Mobile robots are widely used and crucial in diverse fields due to their autonomous task performance. They enhance efficiency, and safety, and enable novel applications like precision agriculture, environmental monitoring, disaster management, and inspection. Perception plays a vital role in their autonomous behavior for environmental understanding and interaction. Perception in robots refers to their ability to gather, process, and interpret environmental data, enabling autonomous interactions. It facilitates navigation, object identification, and real-time reactions. By integrating perception, robots achieve onboard autonomy, operating without constant human intervention, even in remote or hazardous areas. This enhances adaptability and scalability.

This thesis explores the challenge of developing autonomous systems for smaller robots used in precise tasks like confined space inspections and robot pollination. These robots face limitations in real-time perception due to computing, power, and sensing constraints. To address this, we draw inspiration from small organisms such as insects and hummingbirds, known for their sophisticated perception, navigation, and survival abilities despite their minimalistic sensory and neural systems. This research aims to provide insights into designing compact, efficient, and minimal perception systems for tiny autonomous robots.

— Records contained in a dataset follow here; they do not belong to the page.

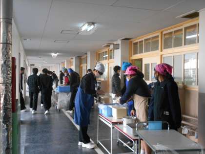 (写真は、3年生廊下での3年生の昼食準備の様子です。)
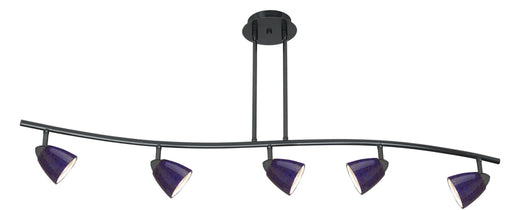7.25-19.25" Height Adjustable Metal Serpentine Five Light Ceiling Fixture - Blue With Spots & Dark Bronze
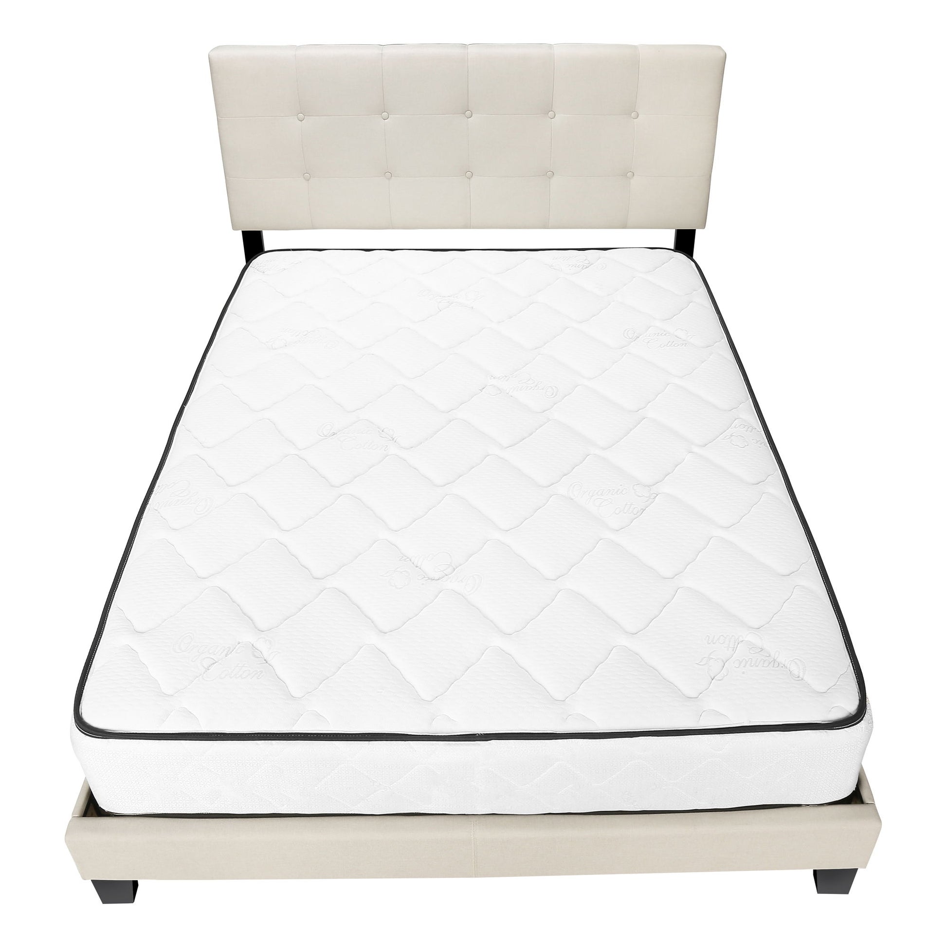 - Comfortable Upholstery: Upholstered in a soft fabric, the bed frame includes thick foam cushioning and a tufted backrest to ensure maximum comfort.
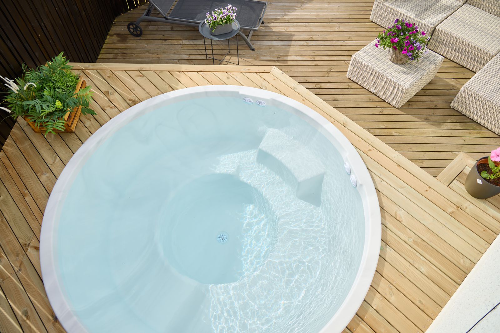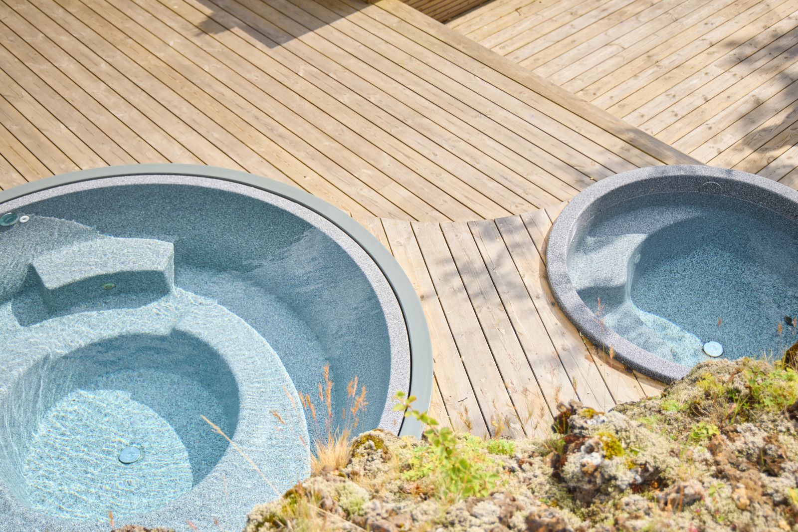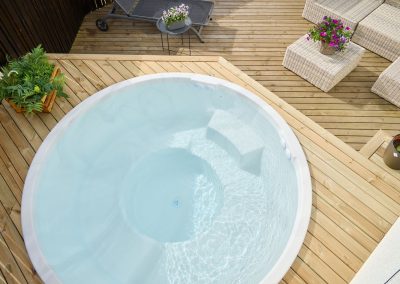 Yfirborð pottanna er úr hágæða akrýl – einstaklega sterku plastefni sem er fallegt í áferð og mjög auðvelt að þrífa. Akrýlið hrindir frá sér gróðri og óhreinindum, sem gerir það fullkomið fyrir heitar laugar í íslensku veðurfari.

Embracing this minimalism is paramount in unlocking the full potential of tiny robots and enhancing their perception systems. By streamlining and simplifying their design and functionality, these compact robots can maximize efficiency and overcome limitations imposed by size constraints. In this work, a Minimal Perception framework is proposed that enables onboard autonomy in resource-constrained robots at scales (as small as a credit card) that were not possible before. Minimal perception refers to a simplified, efficient, and selective approach from both hardware and software perspectives to gather and process sensory information. Adopting a task-centric perspective allows for further refinement of the minimalist perception framework for tiny robots. For instance, certain animals like jumping spiders, measuring just 1/2 inch in length, demonstrate minimal perception capabilities through sparse vision facilitated by multiple eyes, enabling them to efficiently perceive their surroundings and capture prey with remarkable agility.

This thesis introduces a cutting-edge exploration of the minimal perception framework, pushing the boundaries of robot autonomy to new heights. The contributions of this work can be summarized as follows:1. Utilizing minimal quantities such as uncertainty in optical flow and its untapped potential to enable autonomous navigation, static and dynamic obstacle avoidance, and the ability to fly through unknown gaps. 2. By utilizing the principles of interactive perception, the framework proposes novel object segmentation in cluttered environments eliminating the reliance on neural network training for object recognition. 3. Introducing a generative simulator called WorldGen that has the power to generate countless cities and petabytes of high-quality annotated data, designed to minimize the demanding need for laborious 3D modeling and annotations, thus unlocking unprecedented possibilities for perception and autonomy tasks. 4. Proposed a method to predict metric dense depth maps in never-seen or out-of-domain environments by fusing information from a traditional RGB camera and a sparse 64-pixel depth sensor. 5. The autonomous capabilities of the tiny robots are demonstrated on both aerial and ground robots: (a) autonomous car with a size smaller than a credit card (70mm), and (b) bee drone with a length of 120mm, showcasing navigation abilities, depth perception in all four main directions, and effective avoidance of both static and dynamic obstacles.

In conclusion, the integration of the minimal perception framework in tiny mobile robots heralds a new era of possibilities, signaling a paradigm shift in unlocking their perception and autonomy potential. This thesis would serve as a transformative milestone that will reshape the landscape of mobile robot autonomy, ushering in a future where tiny robots operate synergistically in swarms, revolutionizing fields such as exploration, disaster response, and distributed sensing.